Все, что удержалось от старопрусской мнительности в составе этих положений, -
это лишь требование, в некоторых условиях, письменной формы для законченности
сделки в обрядном смысле (781), но и этот реквизит не есть постоянный (782).
Но торжество высокой цивилистической концепции покойного
Бэра не ограничивается пределами немецкой территории. Из одной заметки, которую
мы находим в Журнале Мин. Юстиции за 1896 г. (март), легко заключить, как
далеко за пределы немецкой империи проникло учение О. Бэра совершенно
независимо от какого бы то ни было позитивного авторитета[84].
Практика просвещенных остзейских судов и особенно Сената,
ведающего местную юстицию, стоит, несомненно, на высоте требований современной
созидательной, не рецептивной только цивилистики. Г. Кривцов делает не раз
в своей книге указания на решения высших немецких судебных инстанций, едва ли
имея основание полагать, что его русские читатели разыщут эти решения и
воспользуются ими для уяснения вопроса.

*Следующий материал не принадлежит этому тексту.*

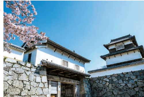
Shimonohashi Gomon Gate (left), Den Shiomi Yagura (right)

Designated a National Historic Site, the stone walls and footprint of the castle here still remain among the ruins. In spring, the area with the Shiomi Yagura and Shimonohashi Gomon Gate attracts a multitude of visitors to view the cherry blossoms in full bloom.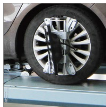
Rear alignment slip plates.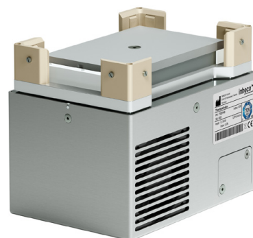
Thermoshake Classic, 7100146

Our shakers are plug-and-play high performance heating & cooling devices with CE and UL certification. An adapter for Flat Bottom Plates is integrated.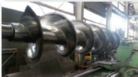
MAIN SCREW FABRICATION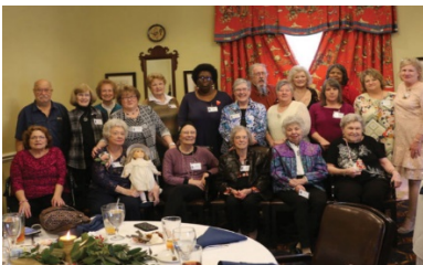
Rowan Doll Society Anniversary Meeting Salisbury, NC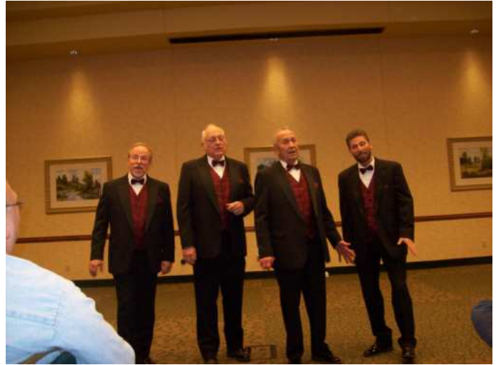
The luncheon crowd was treated to a performance with this performance by the Charades Barbershop Quartet from the Manhattan Barbershop Chorus.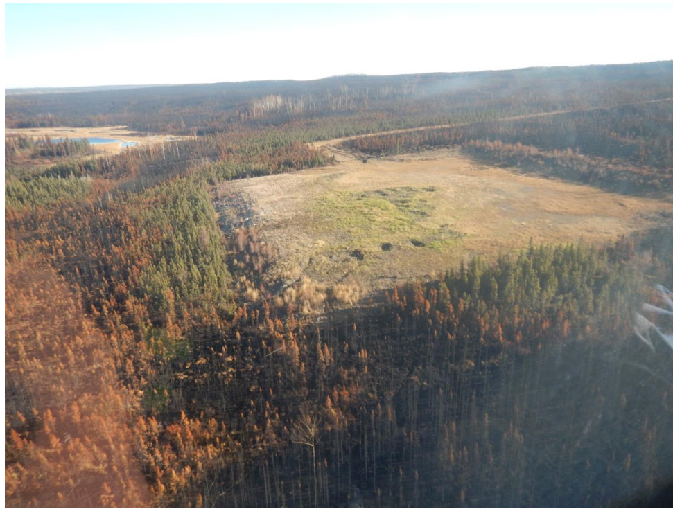
Southeast view from helicopter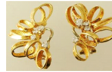
Lot # 462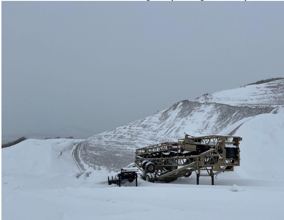
Photo 6: View north of the excavated hillside and haul road from the upper processing portion of the pit.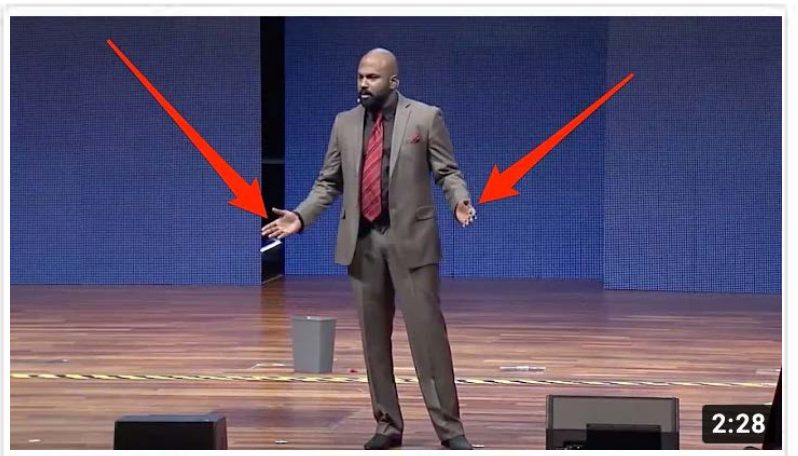
How to start a presentation 🔔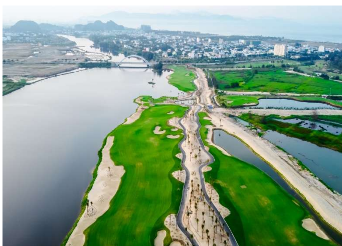
Hoiana Shores designed by Robert Trent Jones Jnr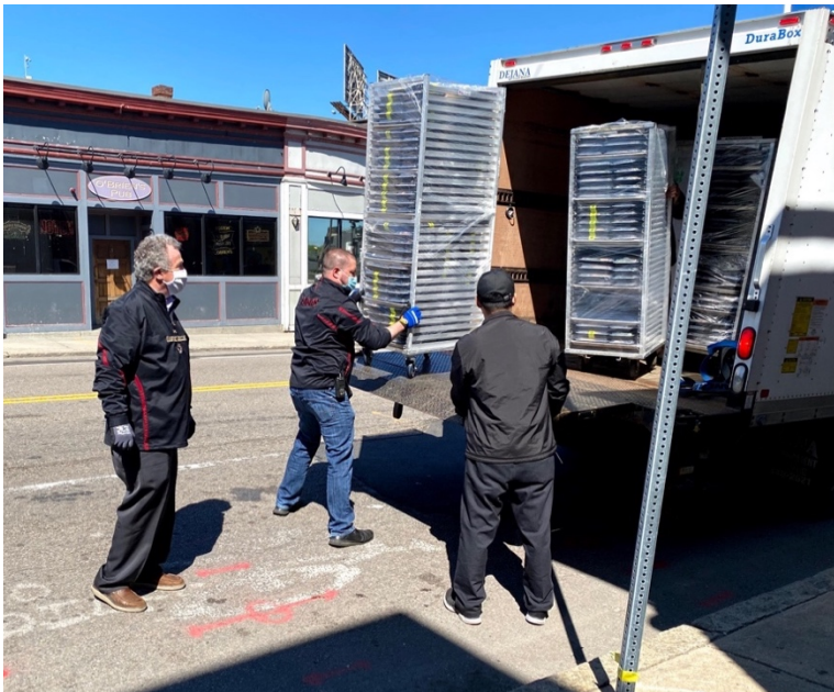
Wednesday delivery of frozen meals – Brazilian Worker Center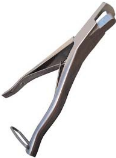
U type Stainless Di-0063

1/2" (12mm) V notch at base, medium 7" long, stainless steel 1/2,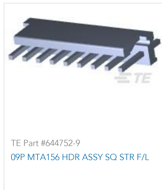
TE Part #644752-9 09P MTA156 HDR ASSY SQ STR F/L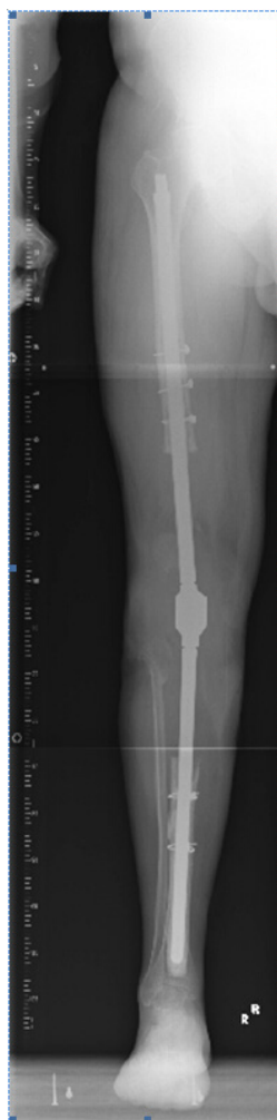
Figure 1 X-ray leg axis after implant arthrodesis for defect bridging (> 30 cm)

Prior to using modular arthrodesis systems, the intramedullary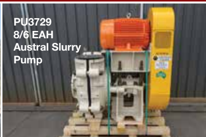
PU3729 8/6 EAH Austral Slurry Pump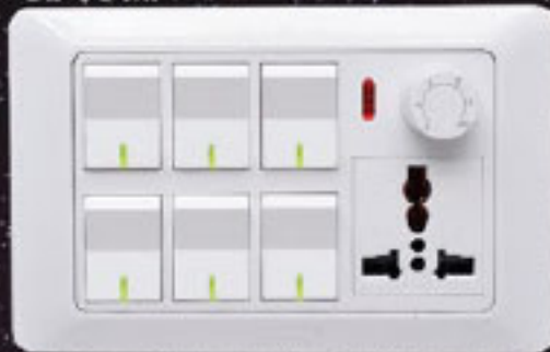
6 Gang Switch + Socket, Indicator & Fan Dimmer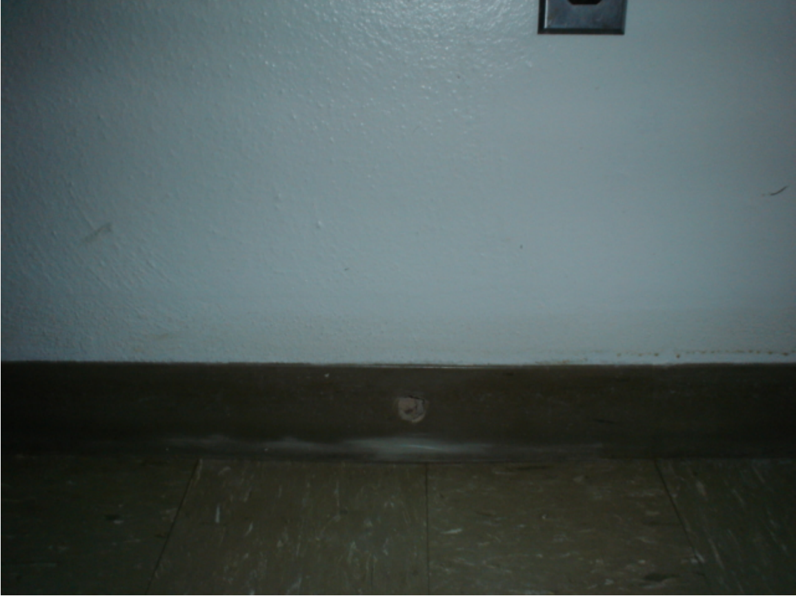
HA #10 – Non asbestos-containing 4" olive cove molding and associated mastic

For more information contact MSU Environmental Health and Safety – (517) 353-8956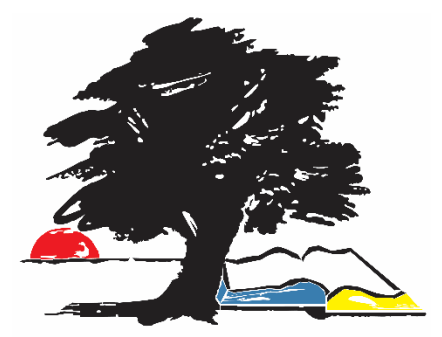
Study Manitoba School Divisions

Over the last 11 years, we have been welcoming students from around the world to the 5 school divisions represented in the Study Manitoba consortium: Beautiful Plains, Fort La Bosse, Rolling River, Southwest Horizon and Turtle Mountain School Divisions. The success of the program relies on the participation of local families to welcome and support these young people as they embark on their academic and cultural programs. What these students choose to do is very brave – they arrive in a new country to meet a new family and new friends, learn about a new country and for many, they do it all in a foreign language. They learn and grow as they go, not just academic and language skills but also in areas of cultural awareness and life experience.

Между тем у нас под рукой прекрасная
заметка сенатора А.Г. Гасмана, которая освещает не только самую конструкцию
Оттона Бэра, но и в особенности те ее стороны, которые наименее ясны в передаче
г. Кривцова и которые, думается нам, именно помогли ему упорно держаться
старопрусской точки зрения в оценке (только технической, правда) этого
института. Местная юриспруденция давно уже, со времени появления названной работы
Бэра, приняла основы его учения. Оно оказывало несомненно не раз услугу местным
цивилистам для выхода из трудных практических проблем. Тот случай, который взят
сенатором Гасманом в указанной книге журнала, как будто создан для того, чтоб
еще раз подтвердить необходимость различать договор признания, как самостоятельную
правотворящую юридическую сделку, от признания, как простого средства
действовать на убеждение суда наряду с любыми другими средствами (media probationis[85]), направленными к той же цели.
Мы не приводим здесь сообщения сенатора Гасмана, ибо его следует
прочитать в целом, чтобы получить то осязательное изображение конструкции,
которое много труднее достигается отвлеченным изложением учения.
Проф. Н.Л. Дювернуа
печатается по: Право:
еженедельная юридическая газета.
1899. N 5. воскресенье. 31 января. с. 249-254.